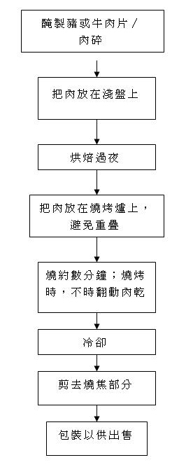 23. 肉 干 是 亚 洲 人 常 吃 的 肉 类 小 食 。 这 是 经 烧 烤 的 薄 切 肉 片 , 大 小 各 有 不 同 , 以 采 用 猪 肉 和 牛 肉 制 造 最 为 常 见 。 把 肉 放 在 金 属 架 上 , 然 后 置 于 热 源 之 上 或 之 间 烹 煮 。 热 源 可 以 是 电 热 器 或 明 火 。 肉 干 的 制 作 流 程 图 载 于 附 件 I 。
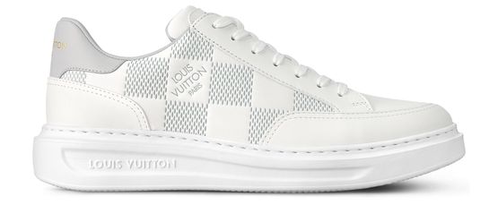 This bicolor edition of the Beverly Hills sneaker comes in soft calf leather partially printed with an oversized version of the Damier pattern. This model pairs an elegant upper with a chunky, yet ultra-lightweight, rubber outsole, which is debossed with the Louis Vuitton signature. A padded insole and technical lining provide enhanced comfort and suppleness.
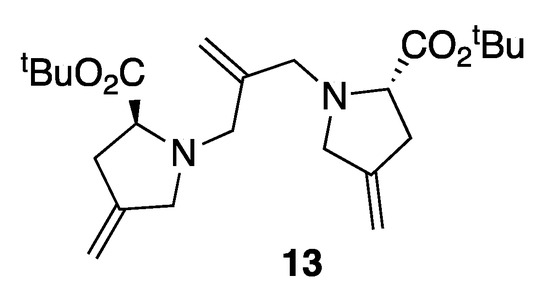 Encouraged by this promising result, the same sequence was performed, but without isolating alkylated intermediate imine 11. Furthermore, CDCl3 was substituted by non-deuterated chloroform in the cyclization. As a result, the product was obtained in a better yield but the excess of alkylating agent 10 promoted a further alkylation of the desired product 12 and dimeric proline 13 (Figure 2) could be obtained (up to 10% yield) when 5 equivalents of 10 was used.
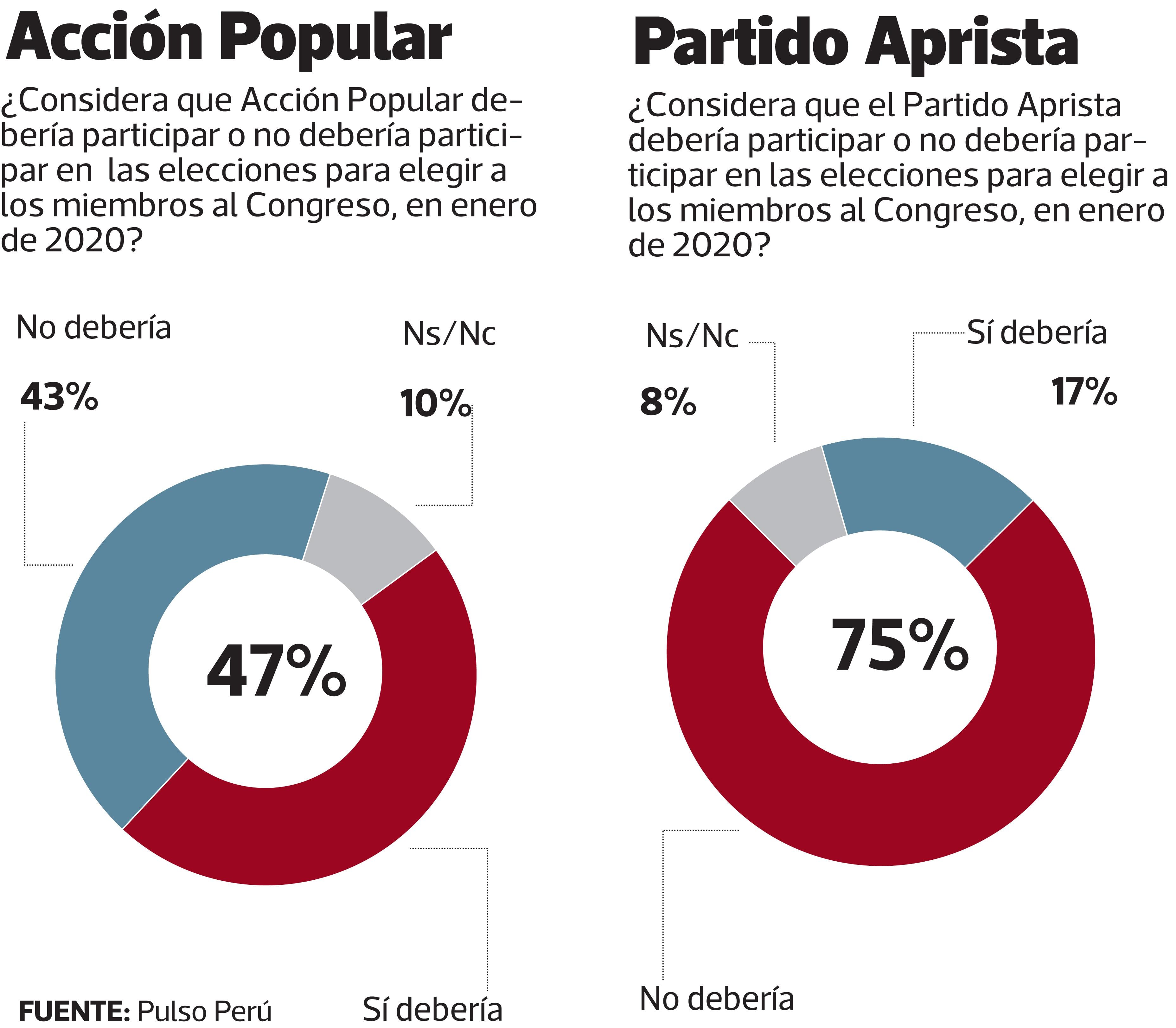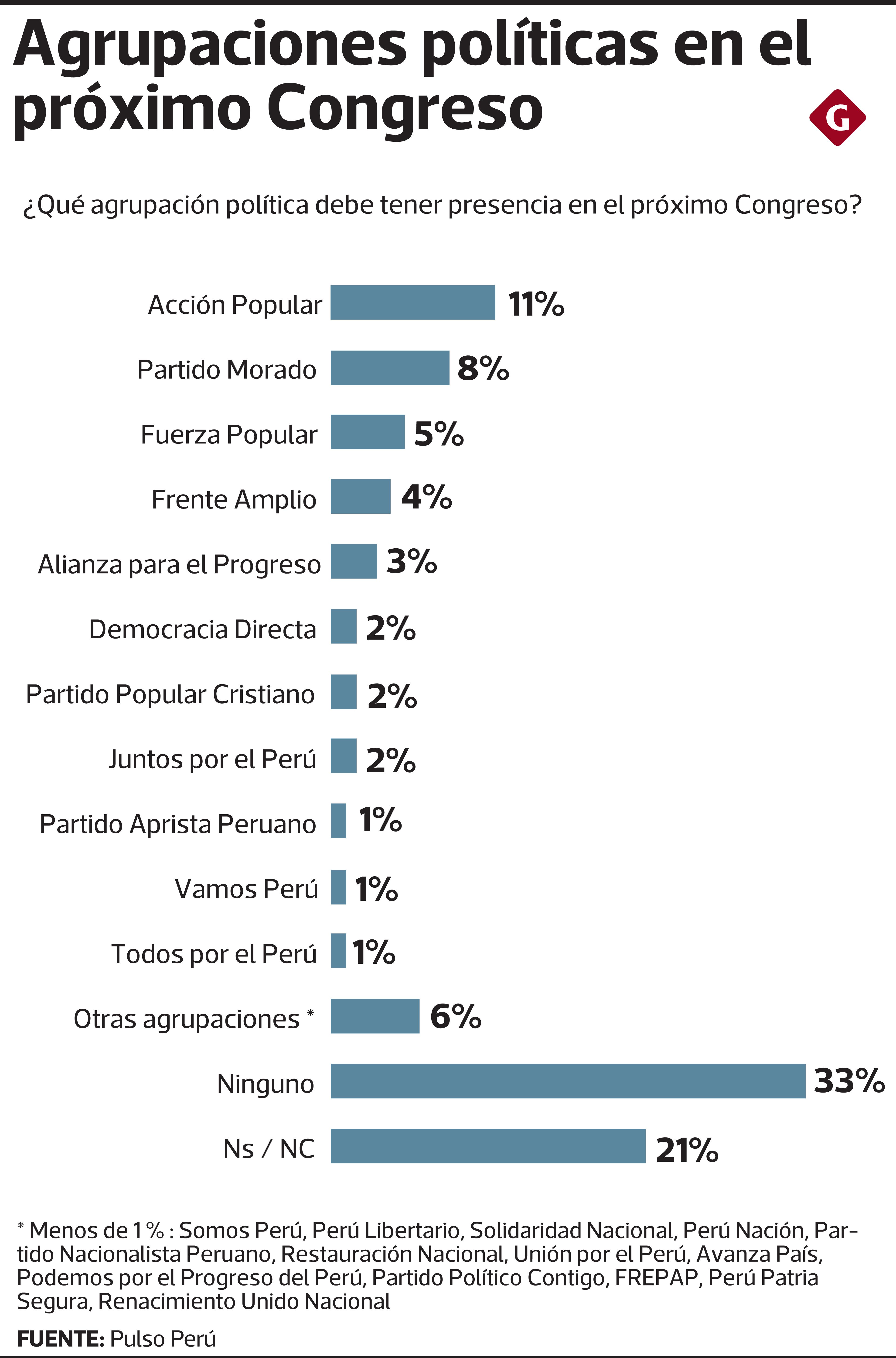 ¿Y qué agrupaciones deberían de tener presencia el próximo año? Las preferencias las lidera Acción Popular, con 11%. El mayor apoyo a que el partido de la lampa tenga presencia en el Parlamento proviene del segmento A/B, con 19.8%, y de Lima, con 13.7%.
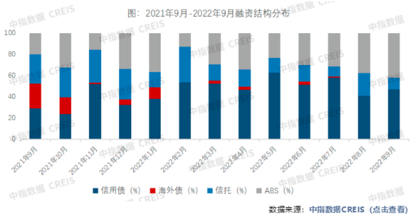 2022年1-9月,房地產(chǎn)企業(yè)非銀融資總額7331.5億元,同比下降52.6%。從融資結(jié)構(gòu)來(lái)看,信用債占比50.2%,同比提升19.9個(gè)百分點(diǎn);海外債占比僅為2.4%,同比下降14.0個(gè)百分點(diǎn);信托占比16.0%,同比下降15.1個(gè)百分點(diǎn);ABS占比31.4%,同比提升9.3個(gè)百分點(diǎn)。前三季度非銀融資總額分別占比33.1%、35.1%、32.1%,各季度融資比例差異不大,并未出現(xiàn)明顯的融資高峰期。
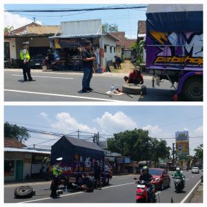 Malang,BeritaTKP.com – Senin, 13 Oktober 2025, pukul 10.45 WIB, anggota Polsek Dau Malang yang dipimpin oleh Pawas Ipda Heru Wahono, S.H., bersama dua anggota lainnya, Aiptu Bambang dan Aipda Aji H., melakukan aksi cepat tanggap dalam membantu pengamanan arus lalu lintas di Jalan Raya Mulyoagung No. 259 A, Desa Mulyoagung, Kecamatan Dau, Kabupaten Malang. Truk S-9372-WM yang mengangkut makanan ternak kucing mengalami ban meletus saat melintas di lokasi tersebut, sehingga menyebabkan potensi kemacetan.
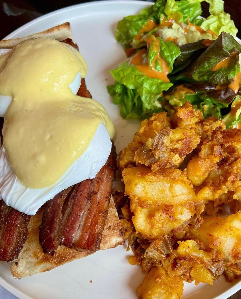 House on Parliament in Toronto offers a delightful twist on the classic Eggs Benedict with their “Eggs Parliament.” This dish features two poached eggs atop a toasted English muffin, complemented by smoked mozzarella, crispy double-smoked bacon, and a flavorful plum tomato chutney, all generously covered with rich hollandaise sauce.
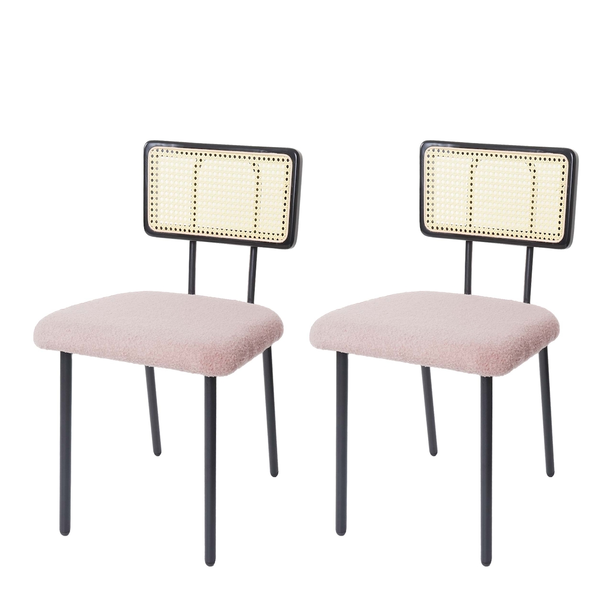 Mendler 2er-Set Esszimmerstuhl HWC-K88, Lehnstuhl Stuhl, Holz Poly-Rattan Metall Bouclé ~ Stoff/Textil rosa

———

What is required: Print all the entries exactly as they appear, without the pictures.

Task answer:
 23. 肉 干 是 亚 洲 人 常 吃 的 肉 类 小 食 。 这 是 经 烧 烤 的 薄 切 肉 片 , 大 小 各 有 不 同 , 以 采 用 猪 肉 和 牛 肉 制 造 最 为 常 见 。 把 肉 放 在 金 属 架 上 , 然 后 置 于 热 源 之 上 或 之 间 烹 煮 。 热 源 可 以 是 电 热 器 或 明 火 。 肉 干 的 制 作 流 程 图 载 于 附 件 I 。
 This bicolor edition of the Beverly Hills sneaker comes in soft calf leather partially printed with an oversized version of the Damier pattern. This model pairs an elegant upper with a chunky, yet ultra-lightweight, rubber outsole, which is debossed with the Louis Vuitton signature. A padded insole and technical lining provide enhanced comfort and suppleness.
 Encouraged by this promising result, the same sequence was performed, but without isolating alkylated intermediate imine 11. Furthermore, CDCl3 was substituted by non-deuterated chloroform in the cyclization. As a result, the product was obtained in a better yield but the excess of alkylating agent 10 promoted a further alkylation of the desired product 12 and dimeric proline 13 (Figure 2) could be obtained (up to 10% yield) when 5 equivalents of 10 was used.
 ¿Y qué agrupaciones deberían de tener presencia el próximo año? Las preferencias las lidera Acción Popular, con 11%. El mayor apoyo a que el partido de la lampa tenga presencia en el Parlamento proviene del segmento A/B, con 19.8%, y de Lima, con 13.7%.
 2022年1-9月,房地產(chǎn)企業(yè)非銀融資總額7331.5億元,同比下降52.6%。從融資結(jié)構(gòu)來(lái)看,信用債占比50.2%,同比提升19.9個(gè)百分點(diǎn);海外債占比僅為2.4%,同比下降14.0個(gè)百分點(diǎn);信托占比16.0%,同比下降15.1個(gè)百分點(diǎn);ABS占比31.4%,同比提升9.3個(gè)百分點(diǎn)。前三季度非銀融資總額分別占比33.1%、35.1%、32.1%,各季度融資比例差異不大,并未出現(xiàn)明顯的融資高峰期。
 Malang,BeritaTKP.com – Senin, 13 Oktober 2025, pukul 10.45 WIB, anggota Polsek Dau Malang yang dipimpin oleh Pawas Ipda Heru Wahono, S.H., bersama dua anggota lainnya, Aiptu Bambang dan Aipda Aji H., melakukan aksi cepat tanggap dalam membantu pengamanan arus lalu lintas di Jalan Raya Mulyoagung No. 259 A, Desa Mulyoagung, Kecamatan Dau, Kabupaten Malang. Truk S-9372-WM yang mengangkut makanan ternak kucing mengalami ban meletus saat melintas di lokasi tersebut, sehingga menyebabkan potensi kemacetan.
 House on Parliament in Toronto offers a delightful twist on the classic Eggs Benedict with their “Eggs Parliament.” This dish features two poached eggs atop a toasted English muffin, complemented by smoked mozzarella, crispy double-smoked bacon, and a flavorful plum tomato chutney, all generously covered with rich hollandaise sauce.
 Mendler 2er-Set Esszimmerstuhl HWC-K88, Lehnstuhl Stuhl, Holz Poly-Rattan Metall Bouclé ~ Stoff/Textil rosa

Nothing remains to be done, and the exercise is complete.